§ **Exercise**
Everything below from the line with "The online reading of Man and Superman" through the line with "Linear automation with highspeed servo axis" must be retyped exactly, except the pictures.

+++ Input records +++

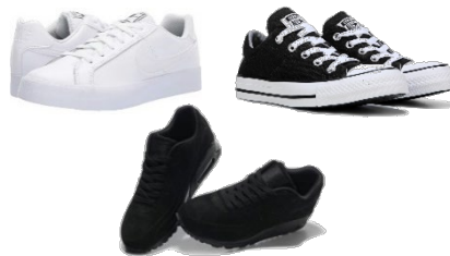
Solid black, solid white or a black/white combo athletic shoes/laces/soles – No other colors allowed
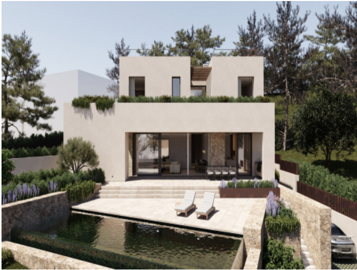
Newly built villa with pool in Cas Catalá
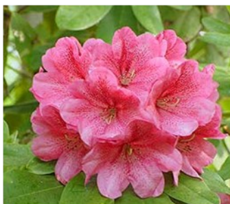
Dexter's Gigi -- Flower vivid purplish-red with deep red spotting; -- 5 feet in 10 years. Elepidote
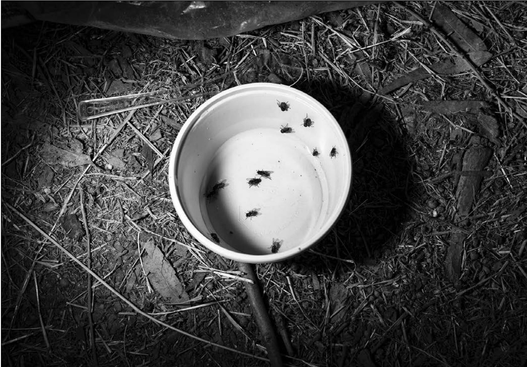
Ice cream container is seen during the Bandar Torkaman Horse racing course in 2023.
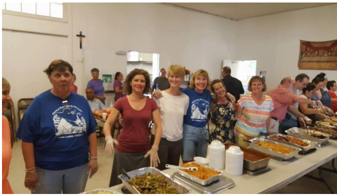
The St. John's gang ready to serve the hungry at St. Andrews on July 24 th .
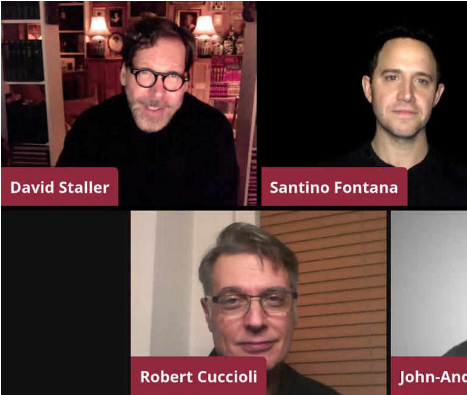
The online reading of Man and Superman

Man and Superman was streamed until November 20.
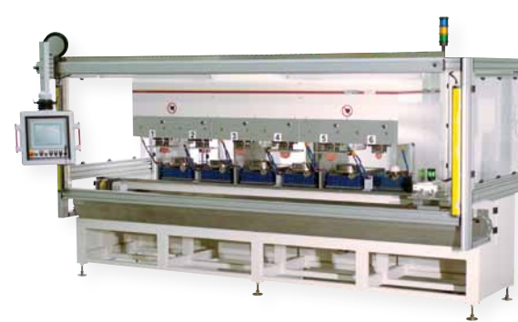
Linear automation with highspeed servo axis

+++
+++ Input records +++

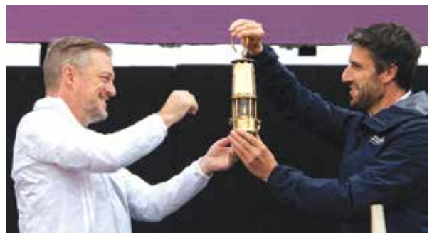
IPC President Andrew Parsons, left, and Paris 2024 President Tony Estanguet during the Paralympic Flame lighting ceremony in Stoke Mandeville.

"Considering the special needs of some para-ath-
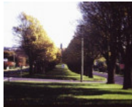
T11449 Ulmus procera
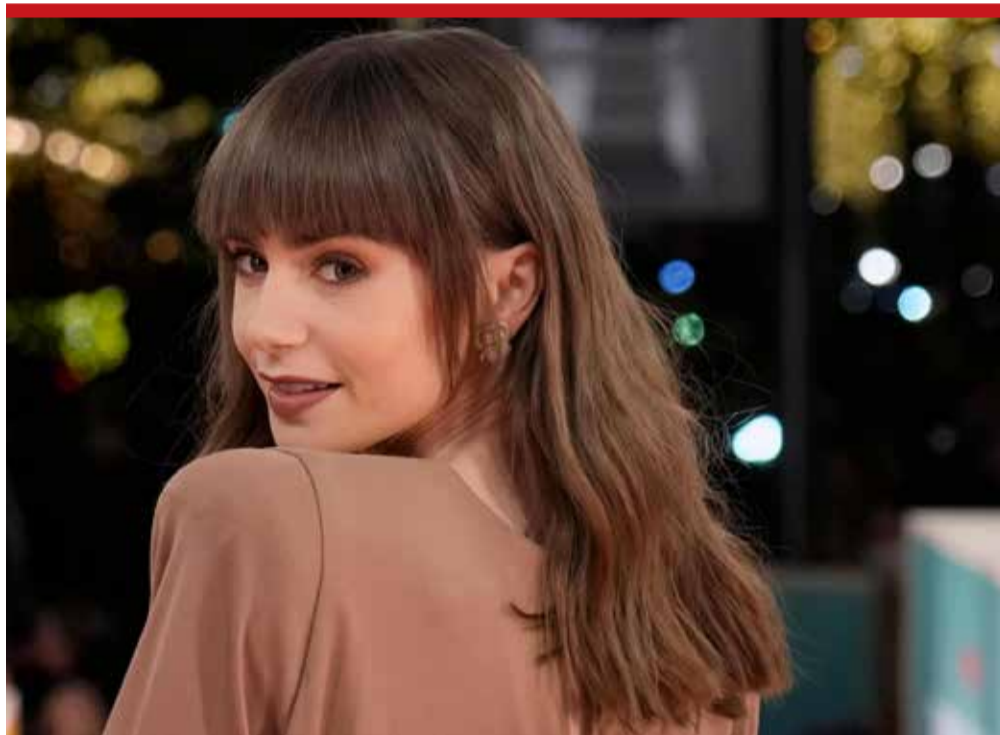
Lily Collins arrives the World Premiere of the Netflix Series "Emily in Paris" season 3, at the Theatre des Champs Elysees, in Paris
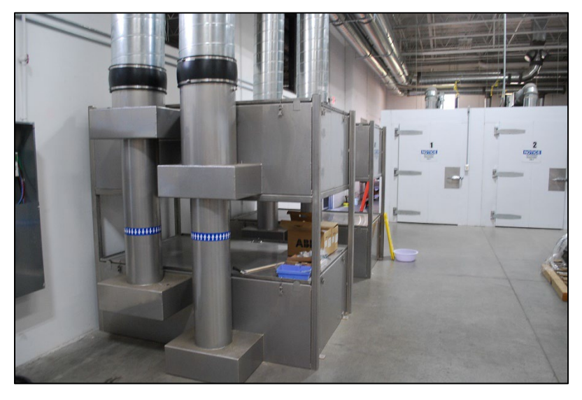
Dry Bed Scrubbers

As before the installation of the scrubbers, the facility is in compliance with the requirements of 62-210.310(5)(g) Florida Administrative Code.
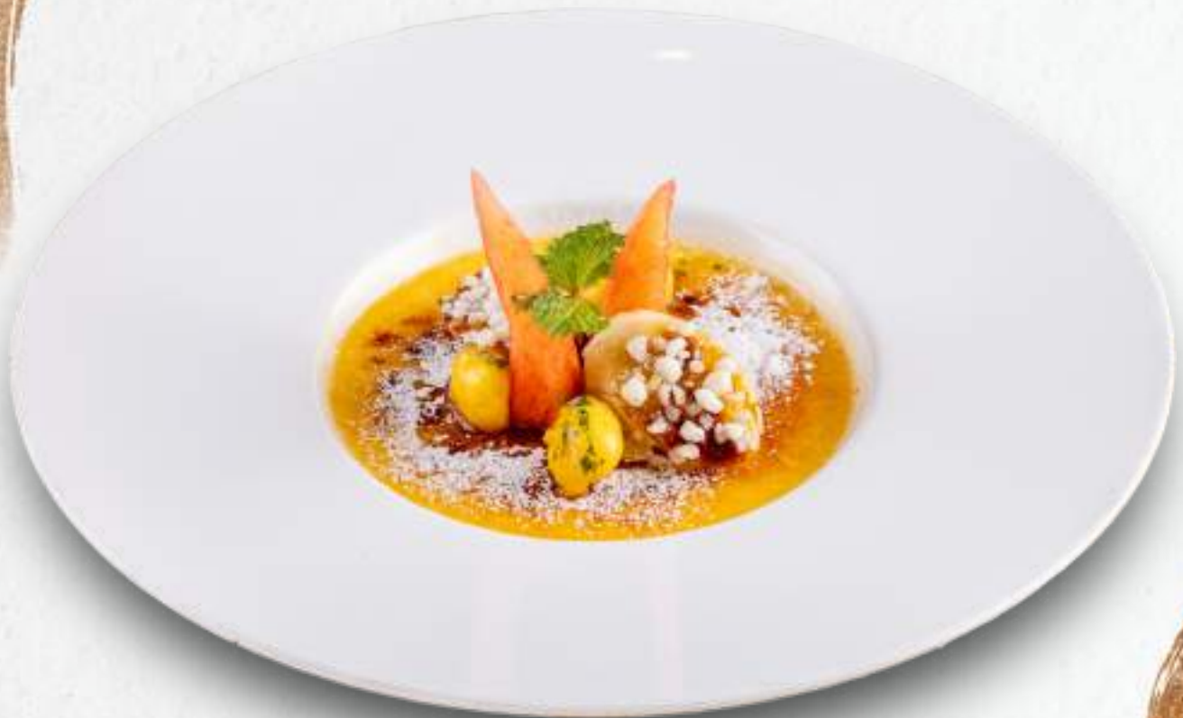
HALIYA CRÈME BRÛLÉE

+++
+++ Input records +++

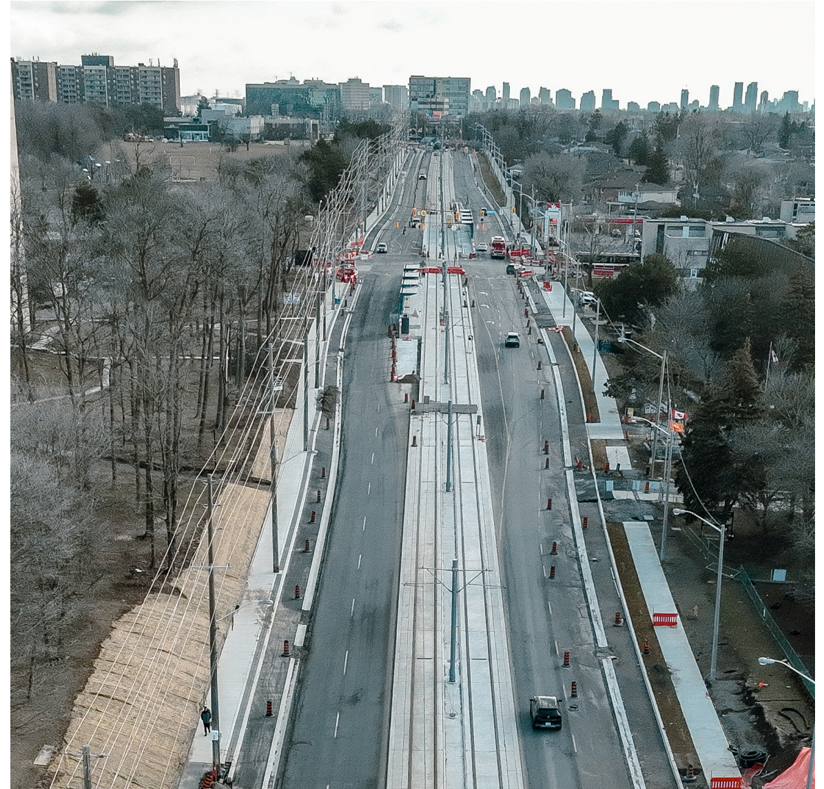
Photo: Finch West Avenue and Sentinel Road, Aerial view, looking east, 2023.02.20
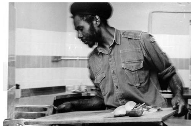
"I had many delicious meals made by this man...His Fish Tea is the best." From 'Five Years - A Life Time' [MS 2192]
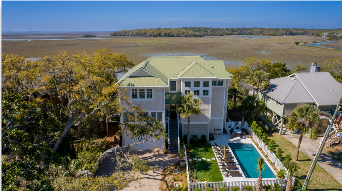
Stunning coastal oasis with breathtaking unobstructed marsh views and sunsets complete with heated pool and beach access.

+++

§ **Task solution**
The online reading of Man and Superman

Man and Superman was streamed until November 20.
Linear automation with highspeed servo axis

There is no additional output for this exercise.